I want to know the root cause for the restart, recover, or failover of my Amazon Relational Database Service (Amazon RDS) database instance.
Short description
The Amazon RDS DB instance automatically performs a restart under the following conditions:
- There isn't availability in the primary Availability Zone or performance bottlenecks and resource contention have caused an excessive workload.
- There's an underlying infrastructure issue with the primary instance. This issue can be a loss of network connectivity to the primary instance, or a compute unit or storage issue on the primary instance.
- The DB instance class type is changed as part of a DB instance vertical scaling activity.
- The underlying host of the DB instance is undergoing OS patching during a specific maintenance window. For more information, see Maintaining a DB instance and Upgrading a DB instance engine version.
- You used the Reboot or Reboot with failover option to initiate a manual reboot of the DB instance.
When the DB instance shows potential issues and fails to respond to Amazon RDS health checks, Amazon RDS automatically takes one of the following actions:
- For a single AZ deployment, Amazon RDS initiates a Single-AZ recovery.
- For a Multi-AZ deployment, Amazon RDS initiates a Multi-AZ failover for the Multi-AZ deployment.
Then, Amazon RDS restarts the DB instance so that you can resume database operations as quickly as possible without administrative intervention.
Resolution
To identify the cause of the outage, check the following logs and metrics for your DB instance. Also, make sure to follow best practices.
Amazon RDS event messages
To identify the root cause of an unplanned outage in your instance, view all the Amazon RDS events for the last 24 hours. By default, Amazon RDS registers all events in the UTC/GMT time. To store events for a longer time period, send the Amazon RDS events to Amazon CloudWatch Events. When your instance restarts, you see one of the following messages in your Amazon RDS event notifications.

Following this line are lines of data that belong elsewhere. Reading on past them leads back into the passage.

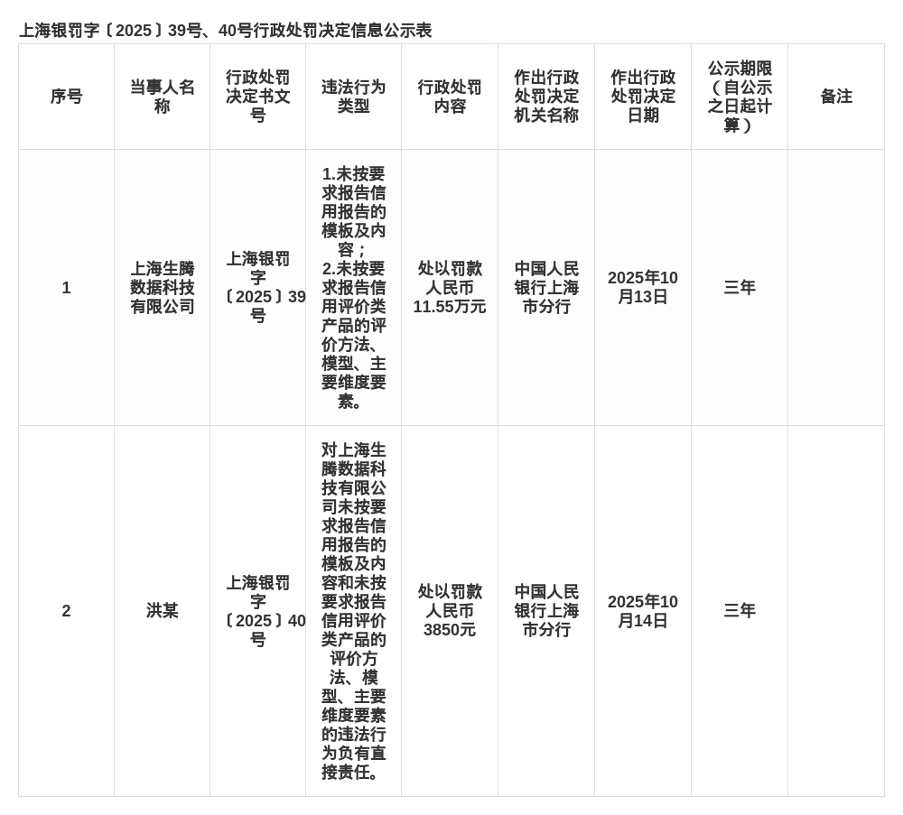 蓝鲸新闻10月17日讯,近日,中国东谈主民银行上海市分行发布了罚单,剑指上海生腾数据科技有限公司异常探究包袱东谈主。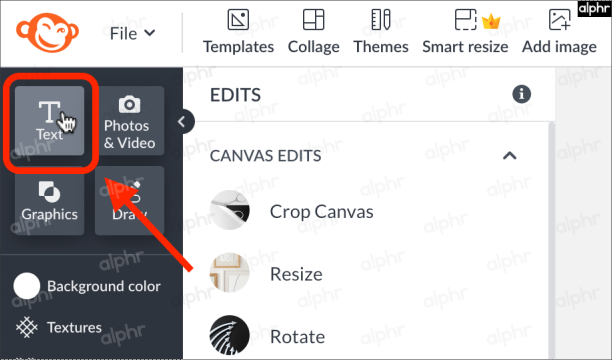 - In the image options menu on the left side, select “Text.”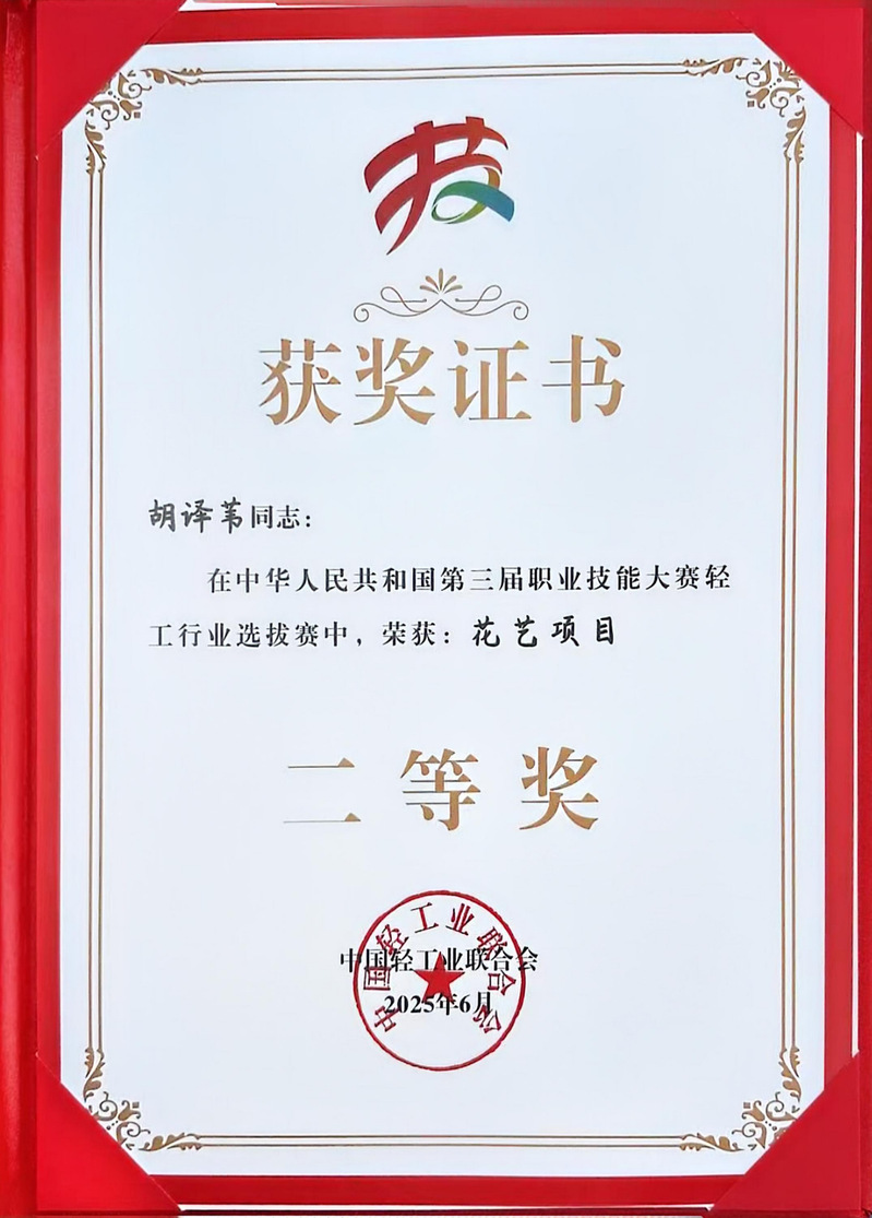 6月14日至17日,在中华人民共和国第三届全国职业技能大赛轻工业行业选拔赛花艺项目中,我院花艺231班胡译苇同学凭借精湛技艺,与来自全国19个省、自治区、直辖市的优秀选手同场竞技脱颖而出,荣获二等奖。本次大赛由中国轻工业联合会主办,轻工业职业能力评价中心、上海建设管理职业技术学院、上海城建职业学院和上海农林职业技术学院联合承办。

The RDS instance was modified by customer
This RDS event message indicates that an RDS instance modification initiated the failover.
Applying modification to database instance class
This RDS event message indicates that the DB instance class type is changed based on the deployment type:
- Single-AZ deployments become unavailable for a few minutes during this scaling operation.
- Multi-AZ deployments are unavailable during the time that it takes for the instance to failover. This duration is usually about 60 seconds. This delay occurs because the standby database is upgraded before the newly sized database experiences a failover. Then, your database restarts, and the engine performs recovery to make sure that your database remains in a consistent state.
The user requested a failover of the DB instance
This message indicates that a user used the Reboot or Reboot with failover option to initiate a manual reboot of the DB instance.
The primary host of the RDS Multi-AZ instance is unhealthy
This reason indicates that a transient underlying hardware issue led to the loss of communication to the primary instance. This issue might render the instance unhealthy because the RDS monitoring system couldn't communicate with the RDS instance to perform health checks.
The primary host of the RDS Multi-AZ instance is unreachable due to loss of network connectivity
This reason indicates that a transient network issue that affected the primary host of your Multi-AZ deployment caused the Multi-AZ failover and database instance restart. The internal monitoring system detected this issue and initiated a failover.
The RDS Multi-AZ primary instance is busy and unresponsive, the Multi-AZ instance activation started, or the Multi-AZ instance activation completed
The event log shows these messages under the following situations:
- The primary DB instance is unresponsive.
- A memory crunch after excessive memory consumption in the database prevented the Amazon RDS monitoring system from contacting the underlying host. As a proactive measure, the monitoring system restarts the database.
- The DB instance experienced intermittent network issues with the underlying host.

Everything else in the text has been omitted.